------ RECORDS FOR THIS TASK

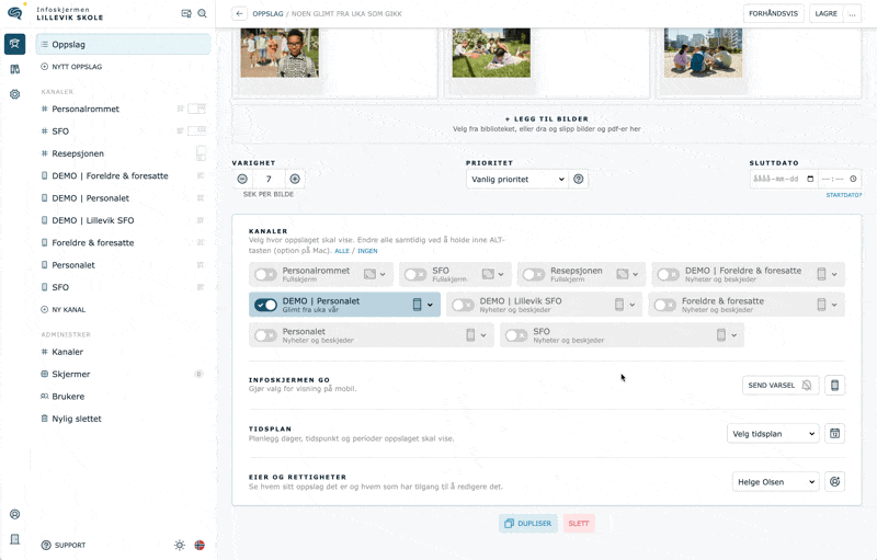 Lenger ned, ved "Tidsplan" velg ett av hurtigvalgene for tidsplan, eller klikk kalenderikonet 📆 for å planlegge dager i uken, tidspunkt og/eller perioder for når oppslaget skal vises. Du kan legge til en eller flere perioder, definert med dato og klokkeslett. Du kan også legge inn dager og klokkeslett oppslaget skal vises, f.eks. kan du velge å vise et oppslag hver morgen i ukedagene.
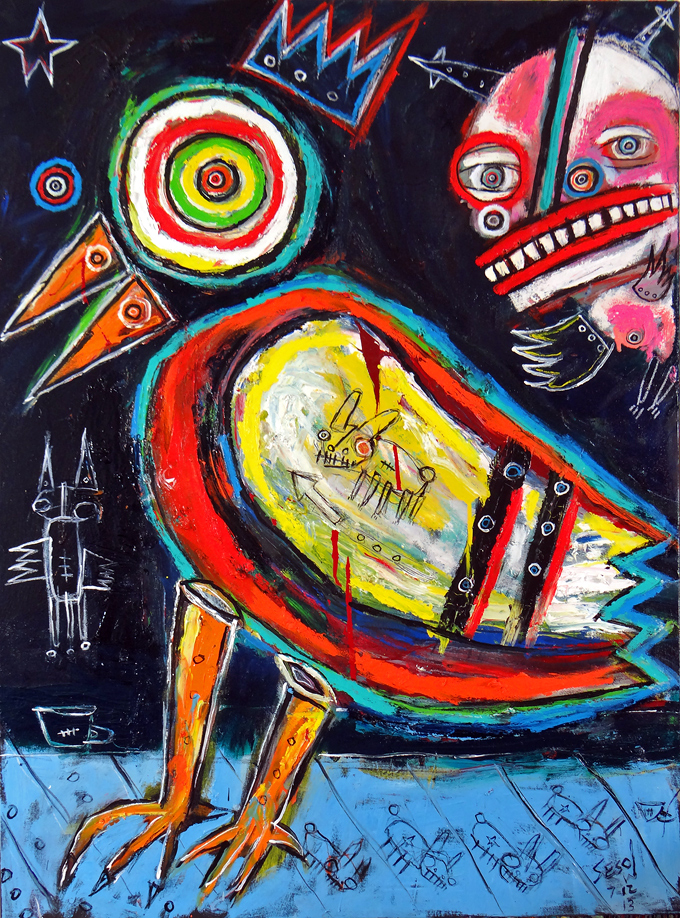 "Riding a Chicken (with pigtails)" acrylic/oil on unstretched canvas approx. 42" x 32" *SOLD email sesow@sesow.com to reserve/ask about purchasing. please include url and description. |
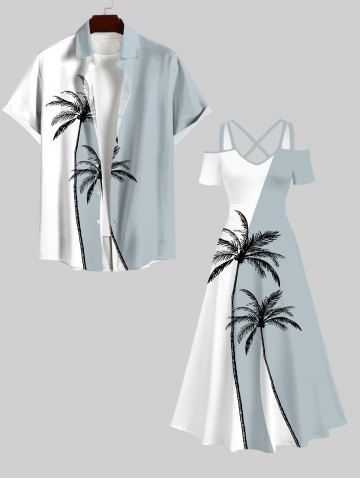 Coconut Tree Colorblock Print Plus Size Matching Hawaii Beach Outfit For Couples
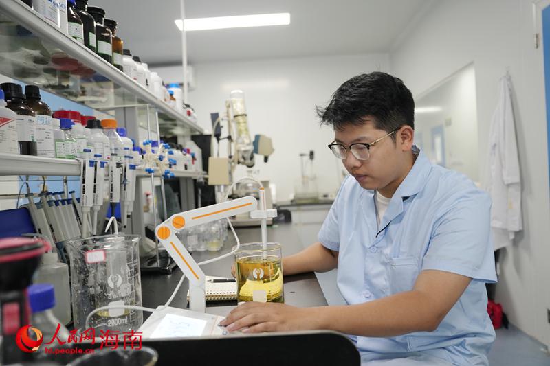 A staff member works at a lab of Hainan Huayan Collagen Technology Co., Ltd. (People's Daily Online/Fu Wuping)
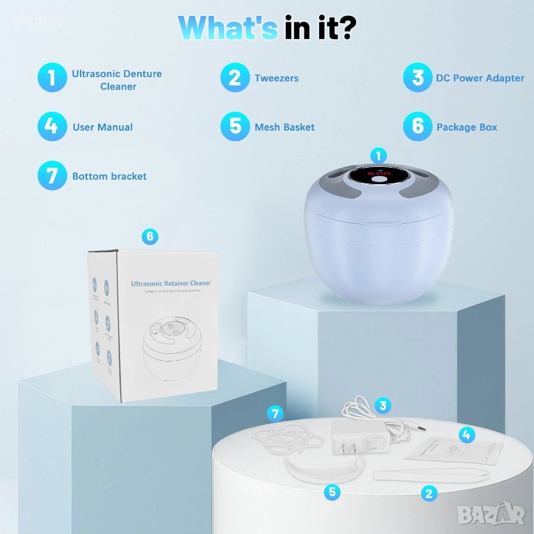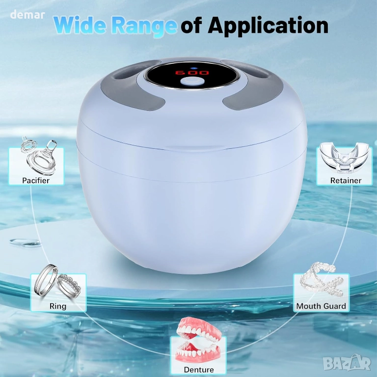 Ултразвуковата почистваща машина TechKen осигурява дълбоко почистване, използвайки високочестотна технология, която достига до труднодостъпни зони, за да премахне ефективно петната. Тя е подходяща за множество орални артикули, включително алайнери, ретейнери, протези, протектори за уста, предпазители за захапване, устройства за сънна апнея и глави за четки за зъби, намалявайки нуждата от отделни почистващи препарати. Лесното управление с един бутон я прави лесна за употреба, а компактният ѝ размер се побира удобно на повечето плотове в банята или в малки пространства за съхранение.
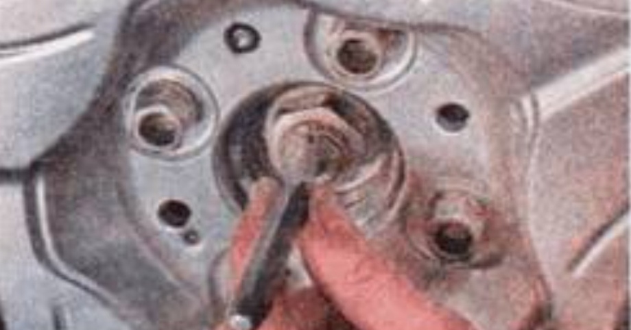 Подшипник ступицы переднего колеса нерегулируемый. При появлении люфта в подшипнике его необходимо заменить. Для выполнения работы необходим помощник, а также потребуются: — надежная подставка под автомобиль; — съемник внутренних стопорных колец; — набор приспособлений для замены подшипника ступицы. Снятие Выпрессовывайте подшипник ступицы только в случае его замены, поскольку при демонтаже он, скорее всего, разрушится. 1. Подготавливаем автомобиль к выполнению работы. 2. Снимаем декоративный колпак с колеса. 3. Подкладываем противооткатные упоры под передние колеса автомобиля. Попытка отвернуть гайку оси ступицы без выпрямления ее замятого края может привести к повреждению резьбы на оси. 4. Постукивая по кернеру молотком, отгибаем замятый в проточки вала привода край гайки (в двух местах). 5. Помощник нажимает педаль тормоза и удерживает ее в нажатом положении. 6. Торцовым ключом на 30 мм с длинным воротком ослабляем затяжку гайки ступицы переднего колеса. 7. Снимаем переднее колесо и
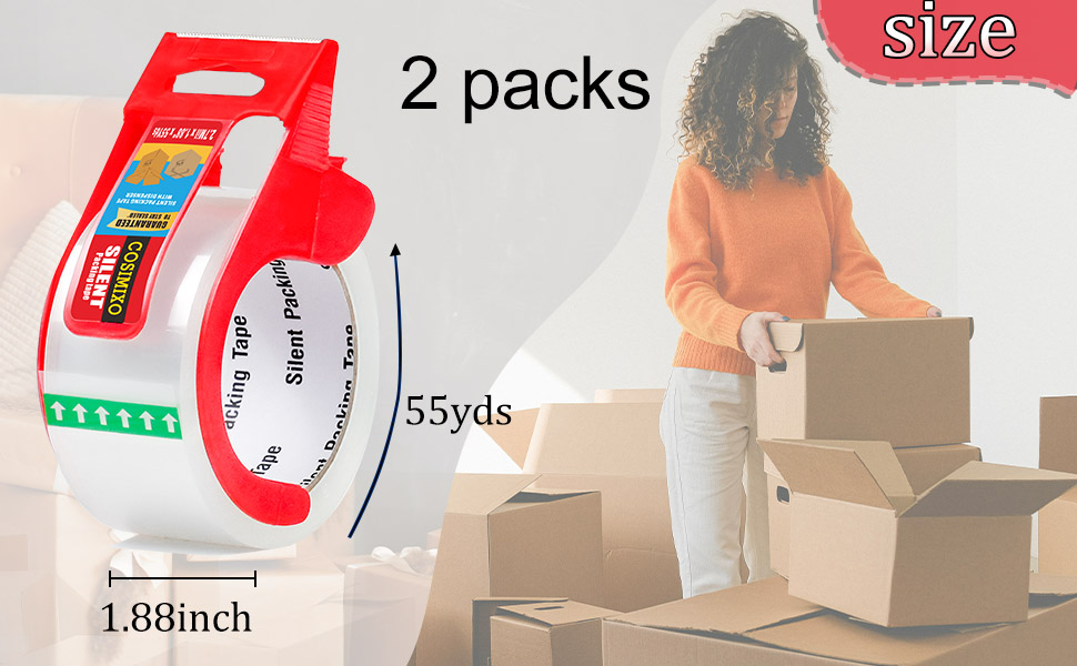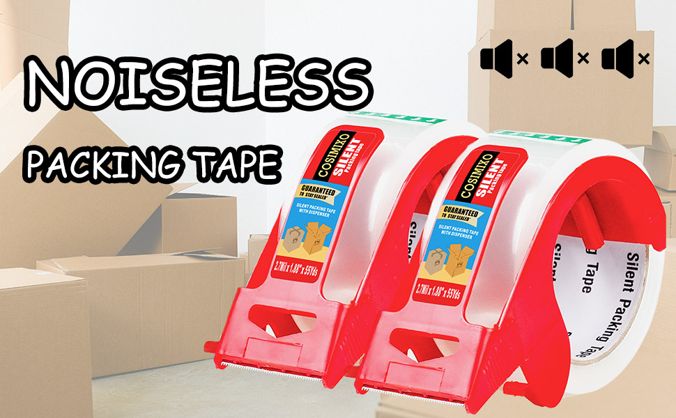No Noise Packing Tape- 2-pack Clear 2.7Mil x 1.88" x 55yds with dispenser ,100% silent and noiseless tape that does not disturb others when packaging. It is also very quiet compared to ordinary packaging tape.
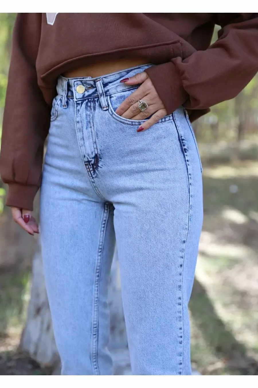 Jean Mom Taille Haute Effet Lave Neige Bleu Glace des Années
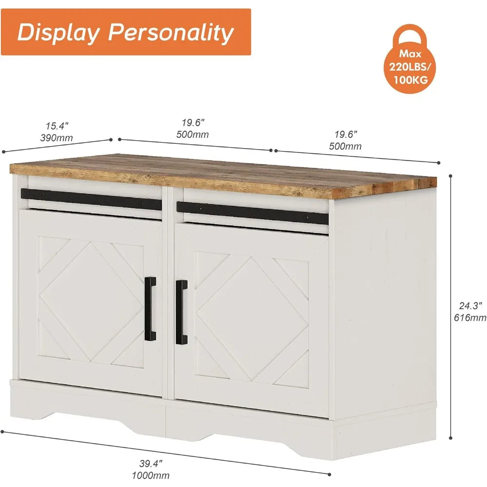 - Durable engineered wood construction with a real wood grain surface in a creamy white finish and a barn-door design that adds rustic charm to your space.
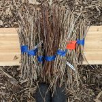 - Label your cuttings clearly. Be sure that you are 100% certain of the variety you are collecting before labelling. If you don’t know the variety, you can write a general description of the variety (growing habit, bloom time, fruit qualities, harvest time, any interesting history) and why you think others should grow it. Wrapping bundles of cuttings painters tape is a good way to keep them all organized and clearly labelled.
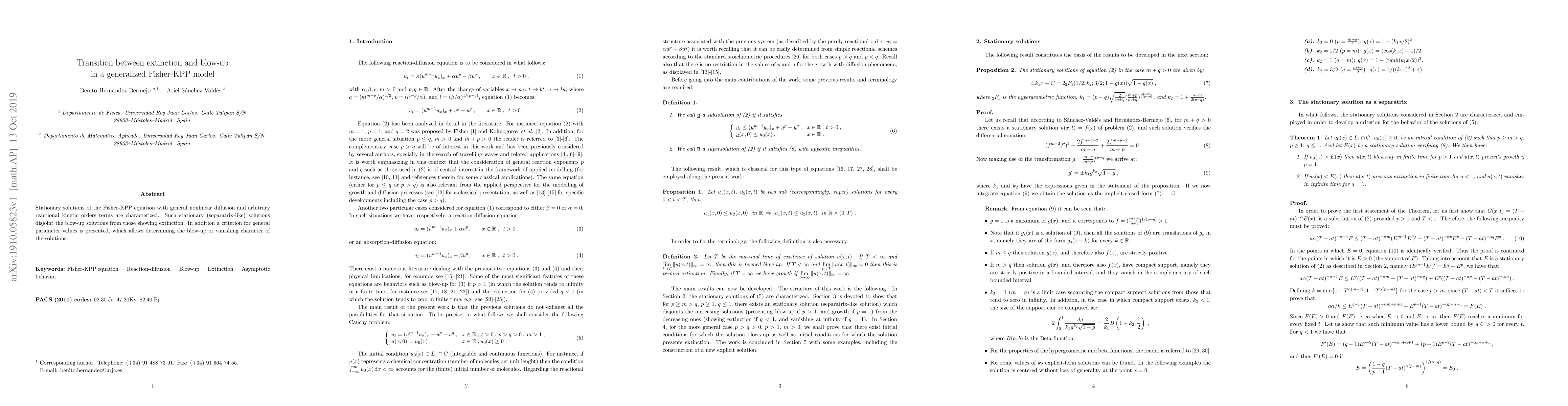 This paper characterizes stationary solutions of the generalized Fisher-KPP equation, identifying separatrix-like solutions that distinguish between blow-up and extinction outcomes. It also provides a criterion for determining whether solutions will blow up or vanish based on parameter values.
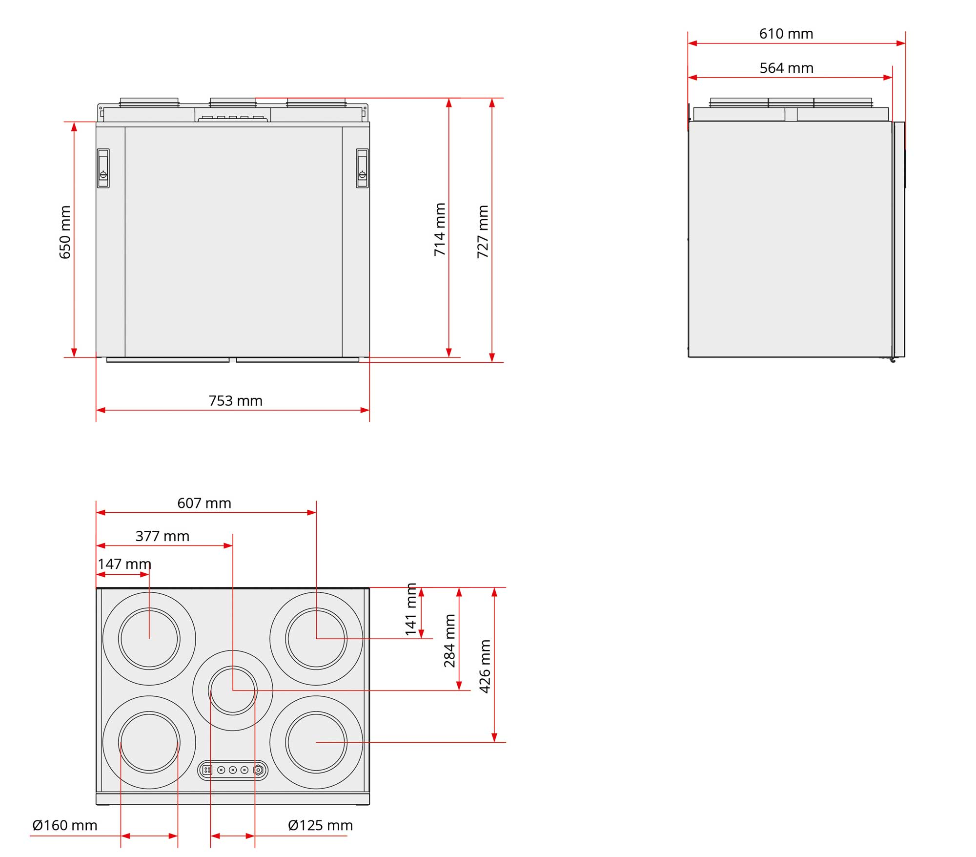 - Ilmamäärät: Tulo 130 dm³/s (100Pa), Poisto 130 dm³/s (100 Pa)

------------

▶ [WORK TO BE COMPLETED]
Here the job is to copy the stretch of records from the line containing "Coconut Tree Colorblock" through the line containing "A staff member", word for word. Leave every picture out.

▶ [WRITTEN ANSWER]
 Coconut Tree Colorblock Print Plus Size Matching Hawaii Beach Outfit For Couples
 A staff member works at a lab of Hainan Huayan Collagen Technology Co., Ltd. (People's Daily Online/Fu Wuping)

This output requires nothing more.